Note: log2(Csize) is used only in the chunks dictionary to calculate how many bits are needed for the chunks themselves, ie. 'ch' requires log2(Csize) bits, 'cph' requires 3*log2(Csize) bits, etc.
This is great, I misunderstood the formula then. The numbers shown for the naive grammars do roughly correspond to what I get by just gzipping the transliteration (minus the metadata, line numbers, etc), I get something like 6.5e5 bits.
I think your metric looks very good for practical assessment of these grammars.
Would be interesting to see which process, beyond the grammar compression, would results in the smallest lossless output.
(03-01-2025, 06:10 PM)nablator Wrote: You are not allowed to view links. Register or Login to view.Optimal yes, for a practical binary compression that is not the best choice for a metric: it doesn't matter how many actual bits you need to write. Fractional bits aren't writable but they are a better measure of the theoretical amount of information.
I like that it's possible to actually compress and decompress the data with the practical binary compression as shown in the paper, I generally prefer demonstrable results to formulas

(03-01-2025, 06:13 PM)oshfdk Wrote: You are not allowed to view links. Register or Login to view.This is great, I misunderstood the formula then. The numbers shown for the naive grammars do roughly correspond to what I get by just gzipping the transliteration (minus the metadata, line numbers, etc), I get something like 6.5e5 bits.
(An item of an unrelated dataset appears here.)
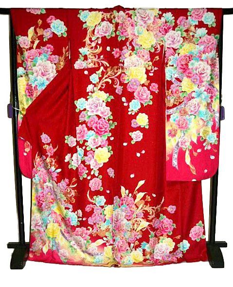 振袖 着物 送料無料 最高峰 赤 金彩 金彩網目模様 花柄 身丈174.5cm 裄丈67cm 正絹 成人式 T3650の検索結果
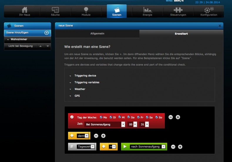 zu 2. wo und wie mache ich das? Ich kenne nur die „Default-Einstellungen“ bei diesem finde ich aber nichts was auf eine Zeit-Szene hindeutet ausser eben wie in meinem PrintScreen gewählt „Timer / Tage der Woche“

Yes, with pkzip it's about 68K. My algorithm compresses the text to ~59K with LOOP-Lay-oa, but this excludes the spaces, it only compresses the word tokens.
(03-01-2025, 06:13 PM)oshfdk Wrote: You are not allowed to view links. Register or Login to view.I think your metric looks very good for practical assessment of these grammars.
Thank you!
(03-01-2025, 06:13 PM)oshfdk Wrote: You are not allowed to view links. Register or Login to view.Would be interesting to see which process, beyond the grammar compression, would results in the smallest lossless output.
What I want to do next is to try to find a better grammar than LOOP-Lay-oa. The number of possibilities is enormous but maybe I can use a Monte Carlo algorithm to sample the grammars space. Will see what happens.
(03-01-2025, 09:41 PM)Mauro Wrote: You are not allowed to view links. Register or Login to view.What I want to do next is to try to find a better grammar than LOOP-Lay-oa. The number of possibilities is enormous but maybe I can use a Monte Carlo algorithm to sample the grammars space. Will see what happens.
Maybe comparing the best grammars for various parts of the manuscript (sections, "hands", pages) could yield some interesting results? Personally, I don't think Voynichese is grammar-based, but your method seems to be built on solid information theoretical basis, so it could apply across the boundaries of various hypotheses and scenarios of text generation.